27/05/2025
Masters’ Journal: Schools around the world are quietly absorbing the fallout of a crisis. Teachers are seeing more students who shut down after a single redirection, unravel during peer conflict, or expect every discomfort to be removed by an adult. The classroom, once a space for socialisation and learning, has now become, for many, primarily an emotional regulation zone. We often say, “They’re just … they’re still young.” But what happens when children are never expected or supported to regulate themselves from early childhood through to primary school?
This shift reflects broader changes in parenting culture. Diana Baumrind’s foundational work (1966, 1991) reminds us that authoritative parenting (high warmth and high expectations) is linked to the most positive developmental outcomes(Mattanah, 2005; Chou et al., 2019; and Hayek et al., 2022). Yet in recent years, permissive parenting (high warmth, low expectations) has quietly risen, often under the well intentioned banner of gentle parenting (Maccoby & Martin, 1983). Parenting with empathy but without boundaries leaves children with few tools to manage stress, tolerate boredom, or accept limits (Aunola et al., 2000). These gaps show up in classrooms, where students increasingly struggle with frustration, accountability, and delayed gratification. Many schools rely on behaviour charts, grounded in Skinner’s behaviourist theory (1953), which assumes reinforcement is consistent across environments. But when home and school operate on different behavioural currencies, the message isn’t just blurred, it’s erased! As Bronfenbrenner (1979) reminds us, development unfolds across overlapping systems. When those systems misalign, children don’t build resilience , they build confusion.

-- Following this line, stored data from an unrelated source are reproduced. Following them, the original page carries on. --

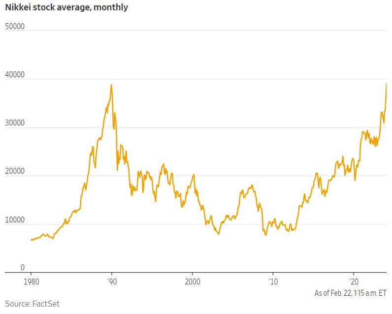 The recent attainment of a record high in Japan's benchmark stock average after a lengthy 34-year hiatus can be attributed primarily to the robust profitability of Japanese corporations. With the 225 companies comprising the index anticipated to accrue approximately $266 billion in profits during the current fiscal year—tripling the earnings of a decade ago—the resultant market capitalization of around $4.6 trillion underscores the financial health of these enterprises. This surge in earnings, buoyed by a combination of a depreciating yen and pressure from foreign activist investors, reflects a concerted effort by Japanese firms to enhance their global competitiveness and divest underperforming assets. Moreover, recent inflationary trends on a global scale have enabled Japanese companies to bolster prices and profit margins, marking a notable departure from decades of stagnant growth. Notable examples include Toyota's projected $30 billion earnings for the fiscal year, nearly doubling its previous year's profits, and Daikin's exponential profit growth facilitated by strategic acquisitions and market expansion. This transformative shift traces its origins to December 2012 when Shinzo Abe assumed office as prime minister for the second time, launching an ambitious economic revitalization program dubbed "Abenomics." Under Abe's leadership, the government implemented structural reforms aimed at fostering greater corporate accountability and shareholder returns, complemented by accommodative monetary policies that bolstered export competitiveness. The culmination of these efforts, coupled with subsequent economic stimuli and capital inflows amidst global geopolitical shifts, culminated in the Nikkei's historic ascent. Foreign investment, attracted by Japan's perceived stability vis-à-vis China and the allure of robust corporate returns, has further fueled market dynamics, exemplified by the substantial increase in dividends and share buybacks by Japanese firms.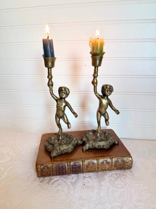 Brass Cherub Candle Holders
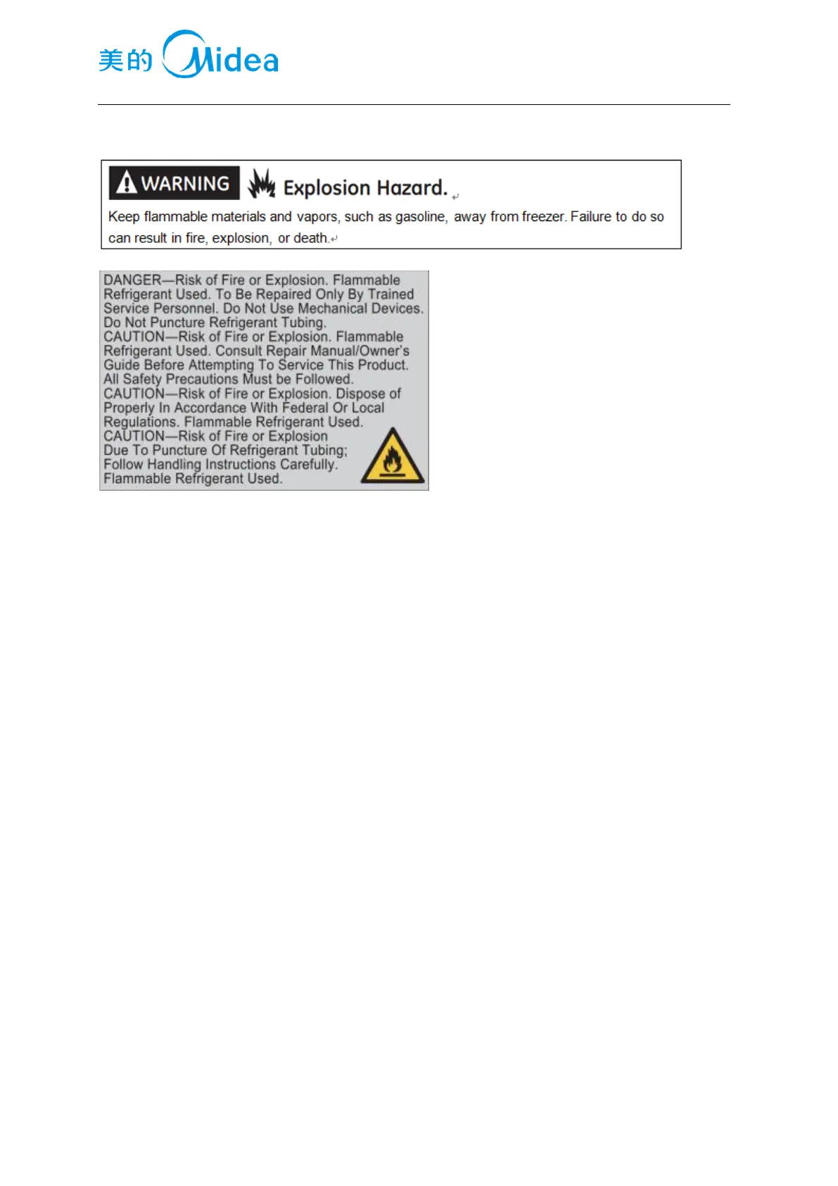 Midea SO-BD386WE-UT - Safety Instruction for Refrigerant
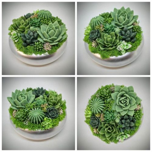 Szappanvirág - Szukkulens - pozsgás szappanvirág csokor - ezüst tál kaspóban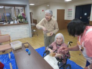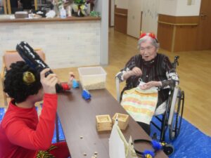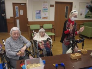 豆まきは皆様懐かしいと話しながら笑顔で参加していただけました。スタッフが鬼の恰好をして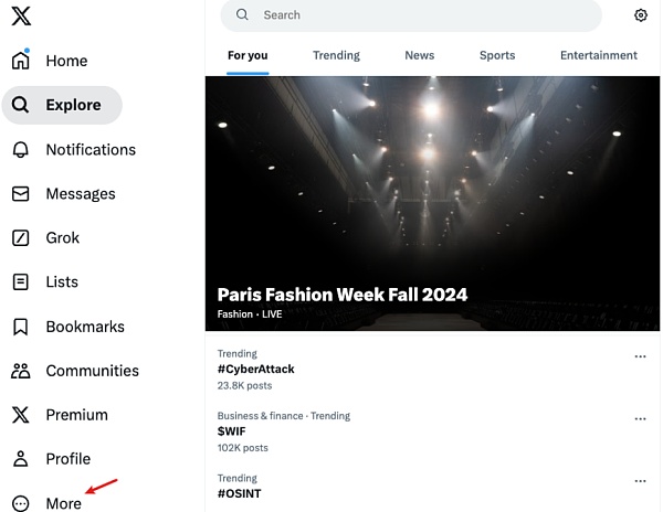 我們以 Web 端為例,打開 x.com 頁面后,點擊側邊欄的“More”,找到“Settings and privacy”選項,這里主要用于設置賬號的安全和隱私。

The COVID 19 pandemic only widened this disconnect. The World Health Organization (2022) reported increased emotional fragility in children, attributing it to parental burnout and a collapse in daily structure. Prime, Wade, and Browne (2020) further affirmed that “children’s wellbeing is closely tied to the psychological functioning and parenting quality of caregivers.”

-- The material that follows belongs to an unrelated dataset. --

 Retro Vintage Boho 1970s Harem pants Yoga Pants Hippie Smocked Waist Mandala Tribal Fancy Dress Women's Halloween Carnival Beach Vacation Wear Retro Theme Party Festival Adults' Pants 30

Parents are exhausted and they need support. While schools can walk alongside families, they cannot assume the sacred role of parenting. And yet, educators continue to do the heavy lifting: modelling co regulation, embedding restorative practices, and holding space for big emotions every single day. Schools can only reinforce values; they cannot instill what must begin at home.

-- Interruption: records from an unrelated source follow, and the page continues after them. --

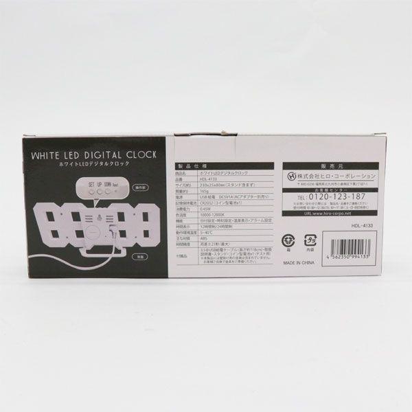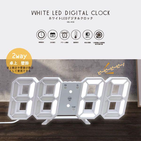 HIRO LEDデジタルクロック ホワイト 日付・時間・温度表示 卓上・壁掛けどちらでも使える HDL-4133 ヒロコーポレーション HIRO CORPORATION ヒロ・コーポレーション デジタルクロック デジタル時計 置き掛け兼用時計 デジタル デジタル表示 LED 点灯 光 ライト ランプ 時計 クロック 卓上 置時計 置き時計 掛時計 掛け時計 壁掛け 兼用 両用 数字 日付 時間 温度 アラーム 12時間 24時間 表示 シンプル 白 WHITE HDL4133 HDL 4133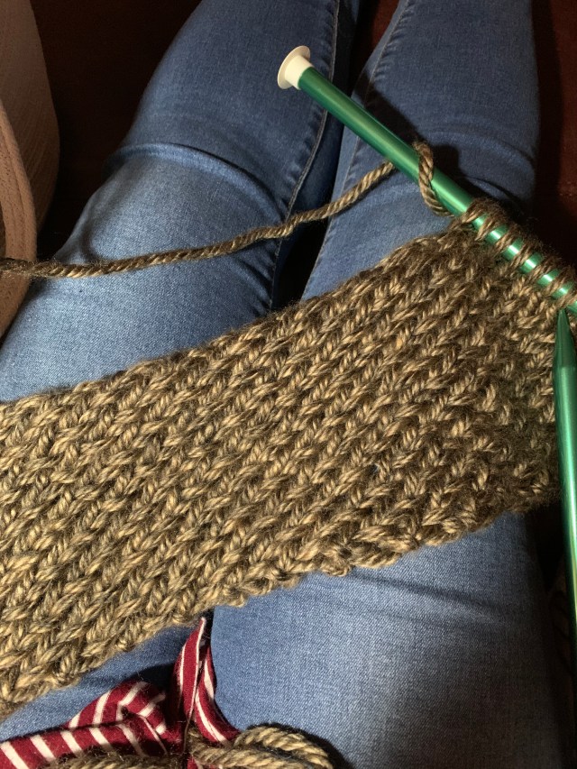 I thought I would baste a quilt for hand quilting over the holidays. Instead, I’ve been knitting. My attempts at knitting a hat were failures. So I moved on to scarves.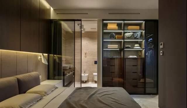 主卧床头上方打一整排吊柜,收纳空间翻倍。吊柜下隐藏灯带配合两边白色吊灯,营造出质感不扎眼的空间氛围。卧室内有独立的卫生间,并且利用一面墙装上内嵌式的茶色玻璃柜,打造成衣帽间,通透性极好,加上内部的灯带,无论是照明还是装饰性,呈现的效果都很好。

What we need now isn’t just a better behaviour tracker , we need alignment: where parenting, , policy, and culture work together to give children what they truly need — limits with love, empathy with expectations, and freedom with structure. As Darling and Steinberg (1993) wrote, parenting isn’t just private, it’s a societal responsibility. And when home and school speak different languages, children grow fluent in confusion, not resilience.